A highly accurate heuristic algorithm for the haplotype assembly problem.

机构信息

Department of Computer Science, City University of Hong Kong, Kowloon, Hong Kong.

出版信息

BMC Genomics. 2013;14 Suppl 2(Suppl 2):S2. doi: 10.1186/1471-2164-14-S2-S2. Epub 2013 Feb 15.

Abstract

BACKGROUND

Single nucleotide polymorphisms (SNPs) are the most common form of genetic variation in human DNA. The sequence of SNPs in each of the two copies of a given chromosome in a diploid organism is referred to as a haplotype. Haplotype information has many applications such as gene disease diagnoses, drug design, etc.
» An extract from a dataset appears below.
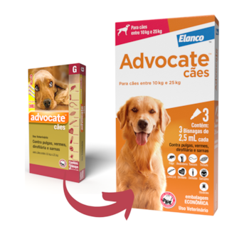 Com imidacloprida em sua composição, o Antipulgas Advocate se espalha pela pele e pelos do seu pet em até 12 horas. Após esse período, as pulgas que subirem no cão, morrerão rapidamente ao entrar em contato com o princípio ativo, fazendo com que não seja necessário que o pet seja picado para que o parasita possa morrer. Além da imidacloprida em sua composição, o Antipulgas Advocate possui moxidectina que combate a ação de vermes intestinais jovens e adultos interrompendo o seu ciclo de vida, combatendo as reinfestações de vermes intestinais.

The haplotype assembly problem is defined as follows: Given a set of fragments sequenced from the two copies of a chromosome of a single individual, and their locations in the chromosome, which can be pre-determined by aligning the fragments to a reference DNA sequence, the goal here is to reconstruct two haplotypes (h1, h2) from the input fragments. Existing algorithms do not work well when the error rate of fragments is high. Here we design an algorithm that can give accurate solutions, even if the error rate of fragments is high.

RESULTS

We first give a dynamic programming algorithm that can give exact solutions to the haplotype assembly problem. The time complexity of the algorithm is O(n × 2t × t), where n is the number of SNPs, and t is the maximum coverage of a SNP site. The algorithm is slow when t is large. To solve the problem when t is large, we further propose a heuristic algorithm on the basis of the dynamic programming algorithm. Experiments show that our heuristic algorithm can give very accurate solutions.

CONCLUSIONS

We have tested our algorithm on a set of benchmark datasets. Experiments show that our algorithm can give very accurate solutions. It outperforms most of the existing programs when the error rate of the input fragments is high.

摘要

背景

单核苷酸多态性(SNPs)是人类 DNA 中最常见的遗传变异形式。在二倍体生物中,给定染色体的两个副本中 SNP 的序列被称为单倍型。单倍型信息有许多应用,如基因疾病诊断、药物设计等。单倍型组装问题定义如下:给定从单个个体的两条染色体的片段测序,并给定它们在染色体中的位置,这些位置可以通过将片段与参考 DNA 序列对齐来预先确定,目标是从输入片段重建两个单倍型(h1、h2)。现有的算法在片段错误率高时效果不佳。在这里,我们设计了一种即使在片段错误率高的情况下也能给出准确解决方案的算法。

结果

我们首先给出了一种可以为单倍型组装问题提供精确解的动态规划算法。该算法的时间复杂度为 O(n×2t×t),其中 n 是 SNP 的数量,t 是 SNP 位点的最大覆盖度。当 t 较大时,算法较慢。为了解决 t 较大时的问题,我们在动态规划算法的基础上进一步提出了一种启发式算法。实验表明,我们的启发式算法可以给出非常准确的解决方案。

结论

我们在一组基准数据集上测试了我们的算法。实验表明,我们的算法可以给出非常准确的解决方案。当输入片段的错误率较高时,它优于大多数现有程序。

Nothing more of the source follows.